Because the off-target effects of the Cas9 activity represent the major concern for the use of the CRISPR-Cas9 system, we assessed potential off-targets for G1–G3 sgRNAs by employing several computational algorithms. miR-10a, the most closely related miR-10 family member that differs from miR-10b by a single nucleotide, represents the top off-target for both G1- and G2-directed targeting (Figures 1A and 1C). As expected, despite the strong similarity between mature miR-10a and miR-10b, the miR-10a locus was not targeted by CRISPR-Cas9 with G3 sgRNA that was designed for the less similar pre-miR-10b precursor (Figure 1B). Additional predicted top protein-coding off-targets were not edited (Figure 1C). In addition, expression of the adjacent HOXD3 and HOXD4 genes was unaffected by CRISPR-Cas9 with G1–G3 sgRNAs (Figure S1).

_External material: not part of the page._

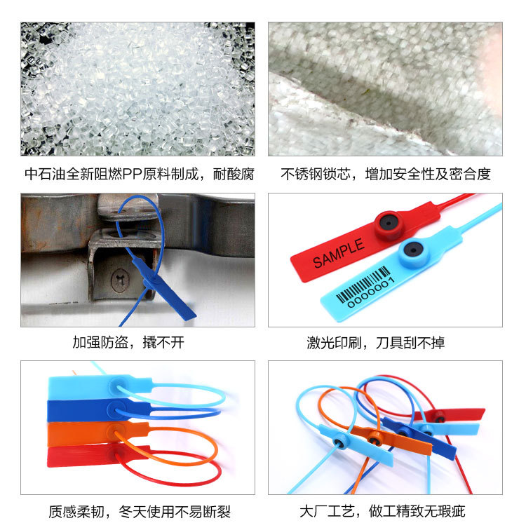 塑料封條制作工藝:封條采用PP塑料封條一次注塑成型,封條內夾有鋼片,產品在零下45度,零上50度不變型,表面采用沖壓或激光打標志、流水號、條碼,鎖桿為2*5扁桿,施封塑料封條時隨意調節(jié)抽緊,顏色可制成紅、蘭、綠、黃,也可根據(jù)用戶要求制作成其他顏色等。拉力可達F≥60KG。

miR-10b Expression Is Essential for Viability of Glioma Cells

Although the CRISPR-Cas9 editing of miR-10b and other highly expressed glioma miRNA genes such as miR-21, miR-139, and miR-107 proved efficient and reduced the levels of the respective miRNAs, only miR-10b editing impaired the viability of all tested glioma cell lines and GSC cultures (Figures 2A–2C). Overall, we observed correlation between the efficacy of miR-10b gene editing and the viability of monolayer GBM cell lines, with the exception of low-passage GSCs (GBM8) cultured in neurospheres, which were extremely sensitive to even less-efficient miR-10b editing (Figure 2C). Reduced viability was rescued by sequential transfections with the miR-10b synthetic mimic, indicating that the phenotype observed in miR-10b-targeted cultures was caused by its loss (Figure 2D). This rescue was partial, possibly due to “imperfect” intracellular trafficking and incorporation of the synthetic mimic to the functional RNA-induced silencing complex (RISC) complex, not fully mimicking the endogenous miR-10b activity, as well as additional unknown off-target effects. Efficient miR-10b gene editing in metastatic, triple-negative (ER⁻/PR⁻/HER2^low) breast carcinoma line MDA-MB-231 reduced cell migration but not viability (Figure 2E; Figure S2), consistent with the established role of miR-10b in breast cancer metastasis but not survival.10, 11 A similar CRISPR-Cas9 strategy failed to edit the miR-10b gene in the cell types not expressing miR-10b, such as non-metastatic breast carcinoma MCF7 and primary astrocytes (Figures 2A and 2F). Although miR-10b editing affected only a part of cells in targeted glioma cultures, it led to elevated expression of the previously validated miR-10b targets,4, 12 including the mediator of apoptosis BIM, cell-cycle inhibitors P21 and P16, and splicing regulator PTBP2 (Figure 2G).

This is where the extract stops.